Amelia Earhart Mystery May Be Solved Next Year
Amelia Earhart, the first woman to fly solo across the Atlantic Ocean, is seen in this undated photo. (AP Photo)
Amelia Earhart, the first woman to fly solo across the Atlantic Ocean, is seen in this undated photo. (AP Photo)

Fear not, Amelia Earhart fans: The search for America's long-lost female pilot will resume again in 2014, and the expedition may finally prove whether or not Earhart crash landed on an island in the South Pacific and died a castaway.

The investigation will be led by The International Group for Historic Aircraft Recovery (TIGHAR), an organization that has spent many years and millions of dollars attempting to solve the mystery of Earhart's disappearance during a flight 76 years ago.

According to TIGHAR's website, the group plans to organize a 30-day expedition in September to Gardner Island, now Nikumaroro Island, in the Republic of Kiribati. The group will be borrowing a University of Hawai‘i oceanographic research ship, from which it will be able to deploy two submersibles, Pisces IV and Pisces V, each carrying a pilot and two TIGHAR observers.

The submersibles will be used to get a "detailed 'eyeball' and photographic examination of the entire mile-long underwater search area," according to TIGHAR. Meanwhile an onshore team will be performing a "detailed survey of the beachfront and forest area in search of evidence of an initial Earhart/Noonan campsite."

The team will be building off previous expeditions in order to decide where to search. One of the most important underwater clues to date may be a 22-foot long object picked up TIGHAR-funded sonar imaging just west of Nikumaroro Island. The object bears a resemblance to the fuselage of Earhart's Lockheed Electra.

“We have reason to believe it might be something of interest,” Gillespie told Discovery News.

TIGHAR also uncovered rare aerial photographs, one taken a few months after the crash and more taken in 1938, which appear to show traces of the aviator and her plane, Discovery notes.

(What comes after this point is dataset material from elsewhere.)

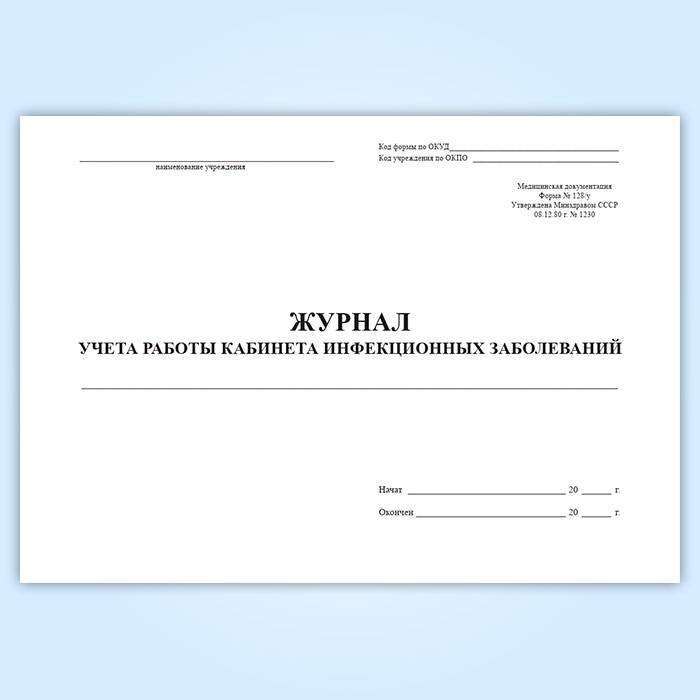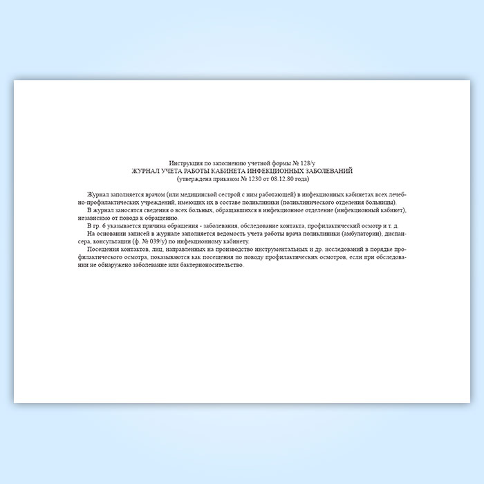 Форма журнала учета работы кабинета инфекционных заболеваний (Форма 128/у) соответствует Приложению 1 к Приказу Минздрава СССР № 1230 "О внесении дополнения в перечень форм первичной медицинской документации" от 08.12.1980 года.

Researchers have also found intriguing evidence on the island, including remnants of a glass jar they suggest once held 1930s freckle-bleaching cream.

“We found mercury in the interior of the jar, not the exterior, and no mercury on nearby glass. Jars in this style were sold as cosmetic creams for the face,” Joe Cerniglia, a co-author of a TIGHAR study confirming the freckle ointment, told Discovery News.

The 39-year-old Earhart disappeared without a trace on July 2, 1937, while attempting to become the first woman to fly around the world. Earhart and her navigator, Fred Noonan, lost radio contact during what many considered the most treacherous leg of their trip, from Lae, New Guinea, to Howland Island in the Pacific, Time notes.

Other possible theories for the heroine's demise include an unsurvivable crash into the Pacific, as well as capture and subsequent execution by the Japanese, PBS notes.